* INFORMATION SHOWN:
- - -
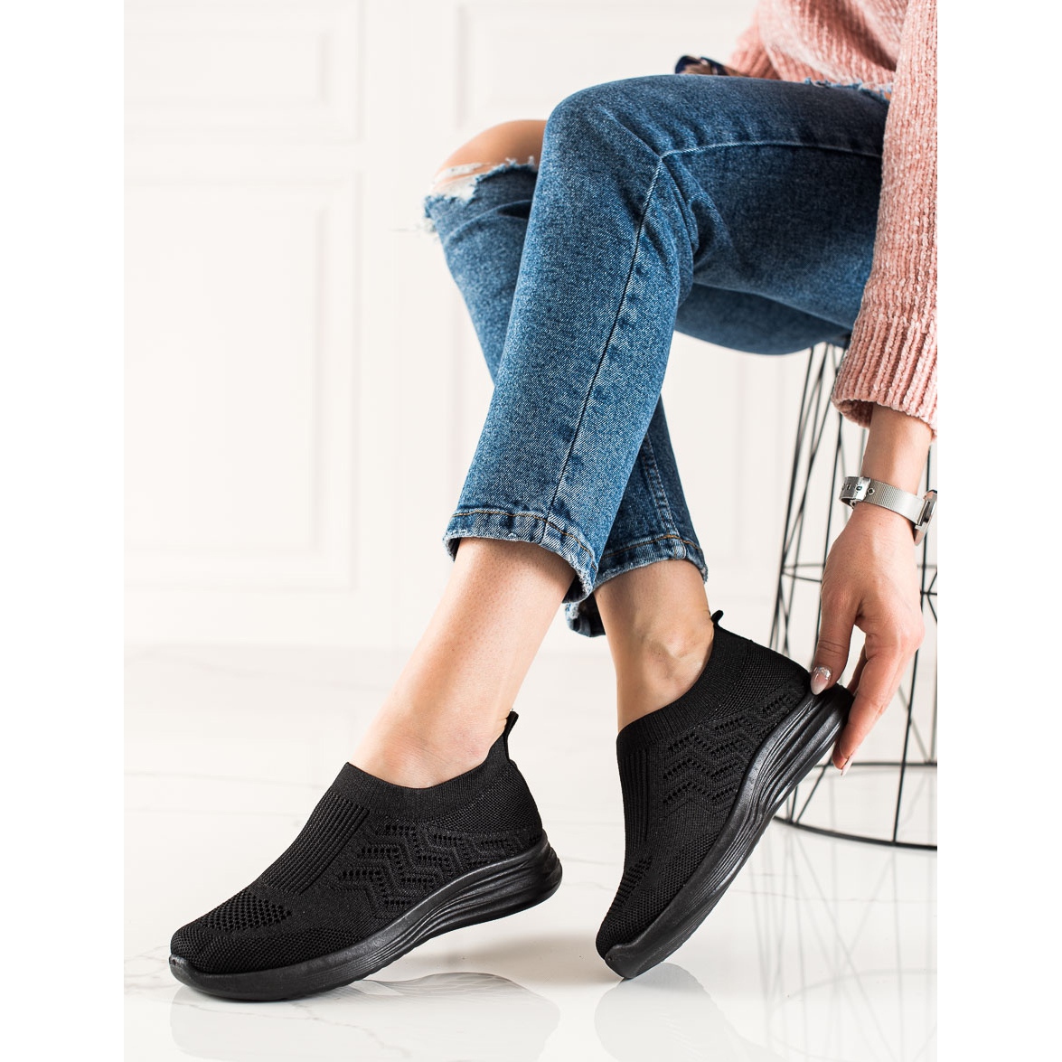 Dies sind elegante und bequeme Slip-On-Sportschuhe mit Lochmuster von Renda, die perfekt für die Frühlings-/Sommersaison sind. Diese schwarzen Damen-Sportschuhe vereinen lässigen Stil mit Funktionalität und sind somit eine tolle Wahl für den Alltag.
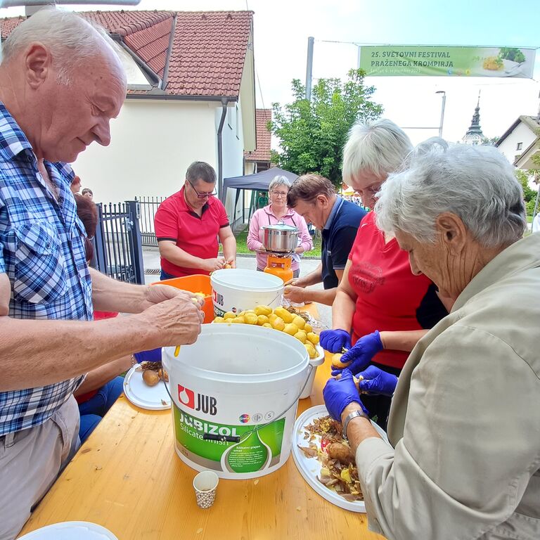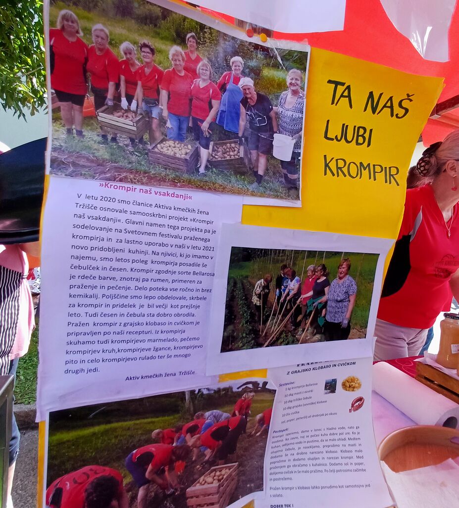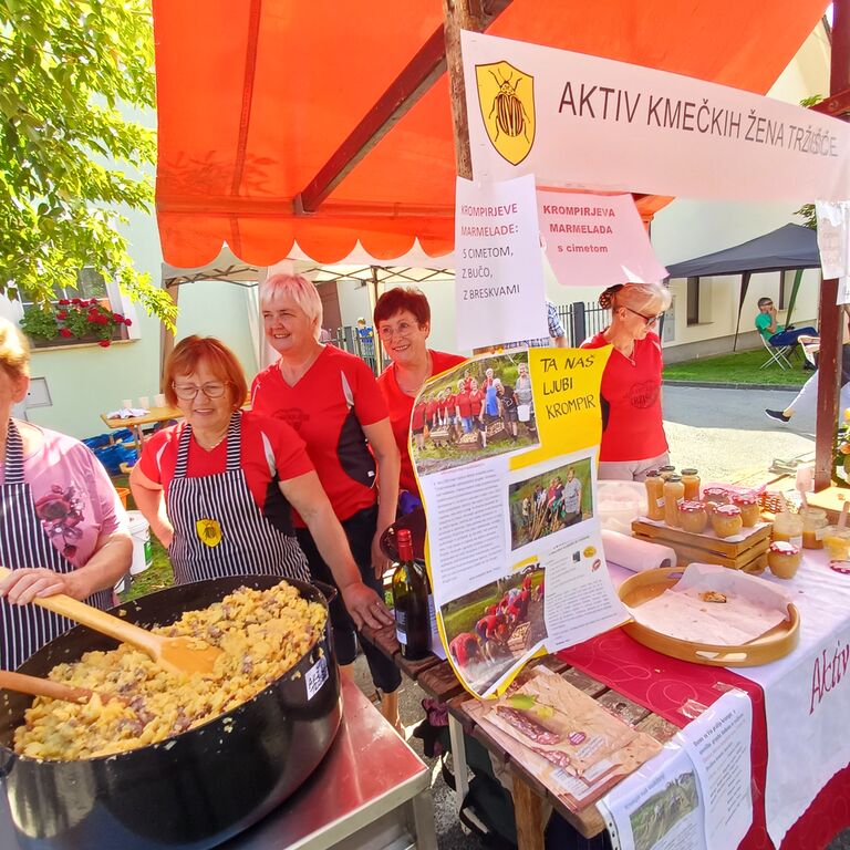 Na prvo septembrsko soboto smo se članice Aktiva kmečkih žena Tržišče , ki delujemo v okviru Društva kmetic Sevnica udeležile 25. Svetovnega festivala praženega krompirja v Šenčurju pri Kranju. Ta kraj je zelo znan po semenskem krompirju. Pridružilo se nam je nekaj podpornih članov za pomoč pri prenašanju težkih bremen: plin, gorilec, krompir in še mnogo ostalega pribora, vključno z mizami in klopmi. V dopoldanskih urah smo prispeli z avtobusom do stojnice, ki jo je postavil organizator, TD Šenčur in Občina Šenčur. Del naše ekipe jo je okrasil, drugi del pa se je lotil priprave krompirja. Glavna kuharica Jožica s pomočnicami, je po našem lastnem receptu spražila čebulo in klobase, nato je dodala narezan krompir, začinila in proti koncu zalila še s cvičkom. Ob 12.uri se je pričela slavnostna otvoritev s pozdravom predsednika Društva za priznanje praženega krompirja kot samostojne jedi, Alojza Gregorčiča, doma iz Mokronoga, kjer se je prvič začelo praženje krompirja. Sledila je povorka starih traktorjev , sprevod strojev in naprav, večinoma lesenih, katere so včasih uporabljali za sajenje, sortiranje ali prevažanje krompirja. Pripeljala se je tudi Marija Terezija. Prav ona je v tistih časih ukazala, da se mora saditi krompir, da bi pregnali lakoto. V Evropo pa ga je prinesel Krištof Kolumb.
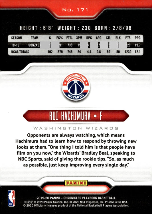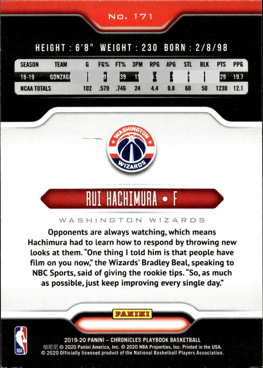 Rui Hachimura 2019-20 Panini Chronicles Playbook RC #171 #1
- - -
* WHAT IS NEEDED: When you write out the material, reproduce each line exactly and omit any picture it holds.

* EXERCISE ANSWER:
 Dies sind elegante und bequeme Slip-On-Sportschuhe mit Lochmuster von Renda, die perfekt für die Frühlings-/Sommersaison sind. Diese schwarzen Damen-Sportschuhe vereinen lässigen Stil mit Funktionalität und sind somit eine tolle Wahl für den Alltag.
 Na prvo septembrsko soboto smo se članice Aktiva kmečkih žena Tržišče , ki delujemo v okviru Društva kmetic Sevnica udeležile 25. Svetovnega festivala praženega krompirja v Šenčurju pri Kranju. Ta kraj je zelo znan po semenskem krompirju. Pridružilo se nam je nekaj podpornih članov za pomoč pri prenašanju težkih bremen: plin, gorilec, krompir in še mnogo ostalega pribora, vključno z mizami in klopmi. V dopoldanskih urah smo prispeli z avtobusom do stojnice, ki jo je postavil organizator, TD Šenčur in Občina Šenčur. Del naše ekipe jo je okrasil, drugi del pa se je lotil priprave krompirja. Glavna kuharica Jožica s pomočnicami, je po našem lastnem receptu spražila čebulo in klobase, nato je dodala narezan krompir, začinila in proti koncu zalila še s cvičkom. Ob 12.uri se je pričela slavnostna otvoritev s pozdravom predsednika Društva za priznanje praženega krompirja kot samostojne jedi, Alojza Gregorčiča, doma iz Mokronoga, kjer se je prvič začelo praženje krompirja. Sledila je povorka starih traktorjev , sprevod strojev in naprav, večinoma lesenih, katere so včasih uporabljali za sajenje, sortiranje ali prevažanje krompirja. Pripeljala se je tudi Marija Terezija. Prav ona je v tistih časih ukazala, da se mora saditi krompir, da bi pregnali lakoto. V Evropo pa ga je prinesel Krištof Kolumb.
 Rui Hachimura 2019-20 Panini Chronicles Playbook RC #171 #1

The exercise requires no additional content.